A lot can be learned from the easily searched trademark registrations existing on the United States Patent and Trademark Office’s online database. For example, Examining Attorneys at the USPTO will refuse registration based on prior confusingly similar registered marks, so responsible trademark owners will conduct the necessary searching and due diligence prior to adoption and first use. In addition, because searching the USPTO’s database can yield readily available evidence on a number of substantive issues important to trademark types and brand owners, third-party trademark registrations are a very tempting tool to use to try to prove a point.
As frustrating as it can be to trademark types and the brand owners they represent, third-party registrations cannot be used as legal precedent to try and compel a certain result. Such attempts easily are rebuffed at the USPTO since each application must be decided on its own merits and one Examining Attorney is not bound by the "mistakes" that may have been made by other Examining Attorneys at the USPTO. As a result, although consistency is a goal at the USPTO, it can be rather elusive at times. Having said that, third-party trademark registration evidence can have evidentiary value, if used properly, and the valid and acceptable use of third-party registration evidence has grown over time.
Third-party registrations have been considered relevant and probative in establishing a number of different and important trademark issues, including at least:
- The likely meaning of a mark to consumers. Tektronix, Inc. v. Daktronics, Inc., 534 F.2d 915 (CCPA 1976).

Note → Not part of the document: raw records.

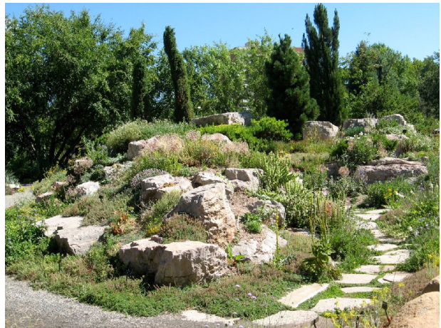
We began drawing inspiration from the rock garden at the Denver Botanic Garden.
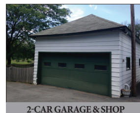
2-CAR GARAGE & SHOP

For photos & listing visit www.martinandrutt.com
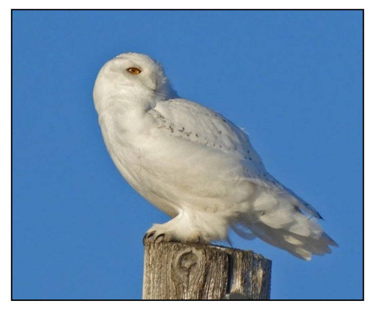
Snowy Owl, by Doug Kieser
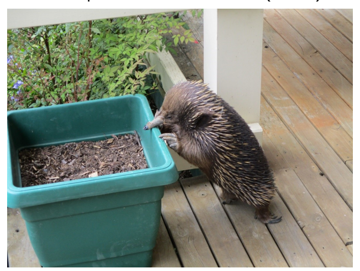
Echidna visitor
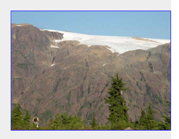
First good view of the Glacier
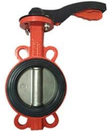
Resilient seat butterfly valve
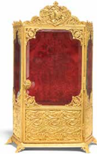
549 A EARLY 20TH CENTURY FRENCH GILT BRASS MINIATURE VITRINE of canted form with inset foliate repousse panels and cresting and bevelled glass windows, the interior fitted a single glass shelf, on scrolling feet, 39cm high £700 - 1,000 €810 - 1,200
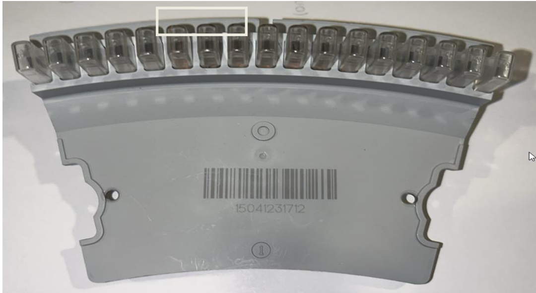
Figure 1. Location of the lot number on Atellica CH Reaction Ring Cuvette Segment
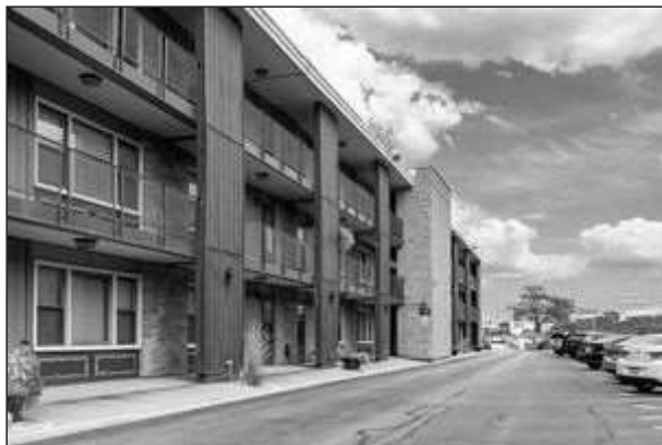
Some photos may be virtually staged
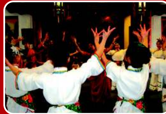
Shanghai - Jan 27, 2013 Workshop & interaction with the Chinese dancers at Changing District Art Centre (2013)
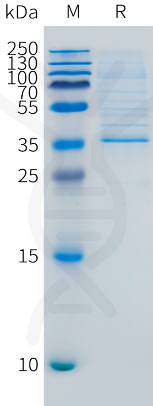
Figure 1. Human LY6E Protein, hFc Tag on SDS-PAGE under reducing condition.
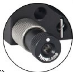
Anti-Drift Locking Collar
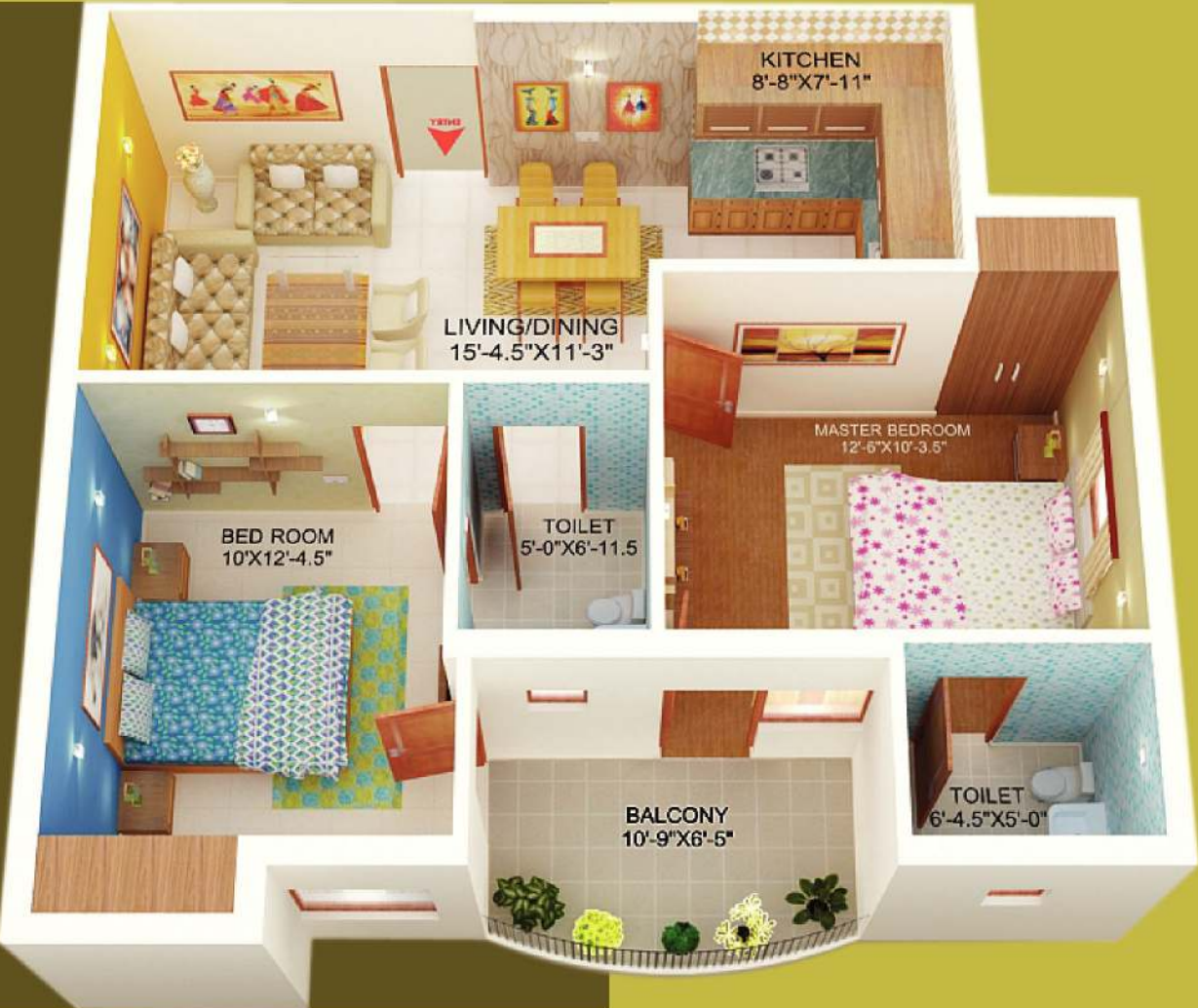
FLOOR PLAN: Type B/2BHK Super Area 965 sqft
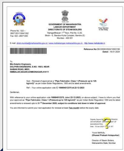
Pipe Fabricator, Class 1
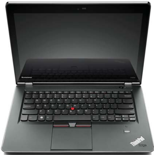
Lenovo® ThinkPad Edge E420s
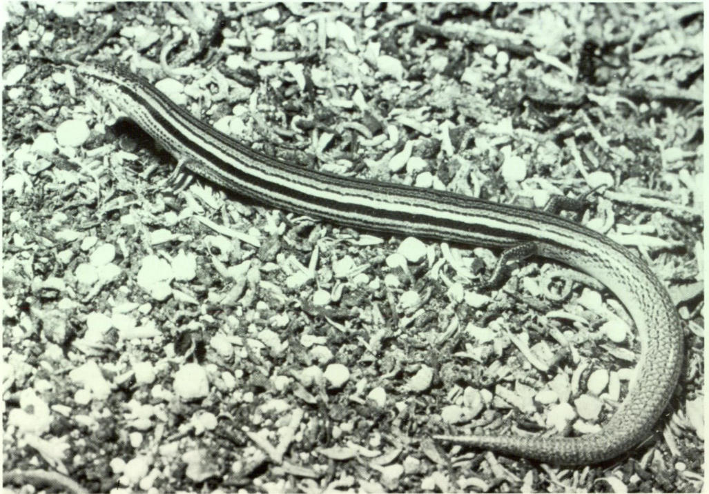
Figure 3 A Lerista dorsalis from Eucla, photographed in life by G. Harold.

with 0-3 (usually 2) grey longitudinal lines or series of dots. Limbs dark brown mottled with brownish-white. Under head and body whitish, ventrals usually edged with grey. Under tail pink, usually immaculate, sometimes spotted sparsely with brown.

- That goods or services are of a type that consumers may believe emanate from a single source. In re Albert Trostel & Sons Co., 29 USPQ2d 1783, 1785 (TTAB 1993).

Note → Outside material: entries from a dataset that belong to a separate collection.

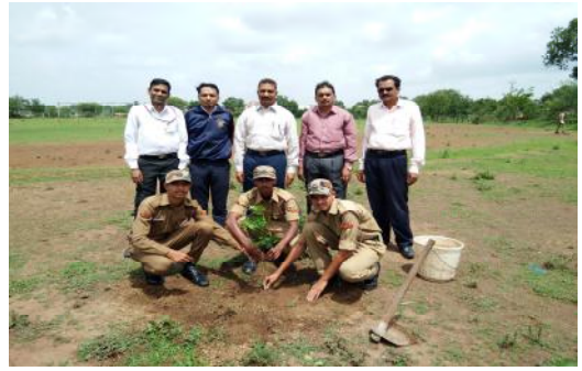
Tree plantation by NCC cadets
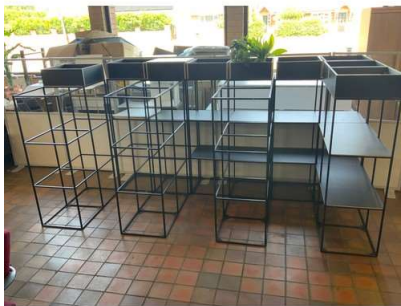
30. M - 7 X SECTIONS OF DISPLAY RACKING
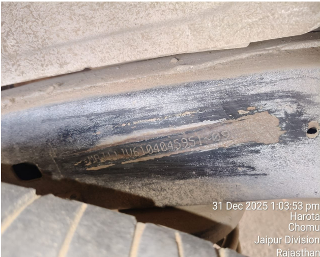
31 Dec 2025 1:03:53 pm Harota Chomu Jaipur Division Rajasthan
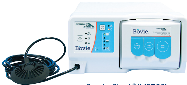
Smoke Shark® II (SE02)
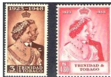
1948 TRINIDAD & TOBAGO SILVER ANNIVERSARY

HISTORICAL FACTS WITH PHILATELIC CONNECTIONS OVER THE YEARS, STAMPS HAVE BEEN ISSUED FOR MUHAMMAD ALI (AND BOXING), ROBERT OPPENHEIMER (AND THE SCIENCES) AND TRINIDAD & TOBAGO
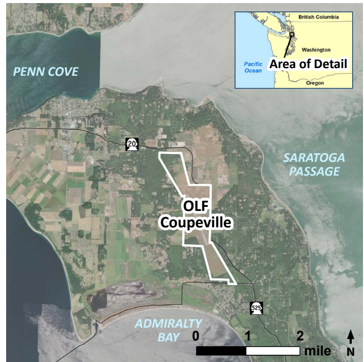
Figure 1 – OLF Coupeville

On April 26, 2024, the United States Environmental Protection Agency (EPA) issued a final National Primary Drinking Water Regulation (NPDWR) establishing nationwide drinking water standards for certain PFAS under the Safe Drinking Water Act. The regulation applies to public drinking water systems. Operators of public drinking water systems regulated by the NPDWR have five years to meet these standards. In September 2024, DoD published "Prioritization of Department of Defense Cleanup Actions to Implement the Federal Drinking Water Standards for Per- and Polyfluoroalkyl Substances under the Defense Environmental Restoration Program," which describes DoD's plans to incorporate the EPA's drinking water regulation into DoD's ongoing PFAS cleanups and prioritize actions to address private drinking water wells with the highest levels of PFAS from DoD activities. Table 1 shows the DoD Action Levels for PFAS in Private Drinking Water Wells.

- The likely meaning of a mark to consumers, i.e., whether it is merely descriptive or suggestive. Plus Products v. Star-Kist Foods, Inc., 220 USPQ 541 (TTAB 1983).
- That a mark is relatively weak and that consumers will rely on other matter to distinguish between marks. Palm Bay Imports, Inc. v. Veuve Clicquot Ponsardin Maison Fondee En 1772, 396 F.3d 1369 (CAFC 2005).
- The existence of a relevant industry practice. Stuart Spector Designs, Ltd. et al. v. Fender Musical Instrument Corporation, 2009 WL 804142 (TTAB March 25, 2009) (finding the third-party registrations for guitar body designs supported the applicant’s position that the USPTO recognizes guitar body designs as capable of indicating source and the industry’s practice of registering guitar body designs); In re The Black & Decker Corp., 81 USPQ2d 1841 (TTAB 2006) (finding industry practice to use key head design as source indicator).
A couple of days ago I posted about a trademark specimen case, one where I was hoping the TTAB would expand the valid use of third-party registration evidence, but unfortunately, the TTAB did not acknowledge or address the third-party trademark registration evidence that was submitted (along with the specimens of use supporting those standard character word-only trademark registrations). Perhaps someone else can benefit from these thoughts in arguing for additional expanded use of third-party registrations in their trademark registration cases.
The submission of this evidence represented an attempt to naturally expand the use of third-party registrations (and their accompanying specimens) as relevant circumstantial evidence to show how consumers of packaged food products perceive house marks and product marks when they both appear on food packaging (and how manufacturers and brand owners view and treat them) and under what circumstances they will treat or perceive them together as a combined unitary word-only mark.
It also argued that third-party registrations and specimens are probative to show how common it is that packaged food product manufacturers intend for consumers to view their house mark and product marks as having not only separate trademark significance from each other, but also significance together as a combined unitary mark, even when the elements are not immediately adjacent, when other matter or wording may appear between them, and even when each element may appear in a different style, font, design, color, or background: DANNON CRUNCH, DANNON FRUSION, DEL MONTE FRUIT CHILLERS, SOBE FUERTE, DOLE TROPICAL BLEND, DEL MONTE HEALTY KIDS, DORITOS ROLLITOS, MILLER CHILL, SOBE COURAGE, FROM THE KITCHENS OF JIMMY DEAN BREAKFAST SCRAMBLE, PEPSI SUMMER MIX, PEPSI WILD CHERRY, and SUNKIST FUN FRUIT BUDDIES.
Additionally, it argued that the multitude of third-party registrations and specimens in the record, taken together, further show that there is an industry practice — at least within the packaged food and beverage industry — to treat and view house mark and product mark, taken together, as a composite unitary mark, even though the house mark and product mark continue to function as separate and distinct marks too.
Finally, it argued that it is reasonable to infer from the record evidence that major food and beverage companies intentionally file trademark applications for standard character word-only composite marks consisting of their house and product marks because they believe consumers perceive these elements as unitary marks.
Perhaps there is some hope this line of thinking will be accepted at some point in the not-to-distant-future. In the In re E.A. Sween Company decision, the TTAB ruled: "The specimens of use presumably show how the average purchaser will encounter the mark under normal marketing conditions and, as such, the specimens are suggestive of the reaction of the average purchaser to this display of the mark." (citing In re Magic Muffler Service, Inc., 184 USPQ 125 (TTAB 1974)).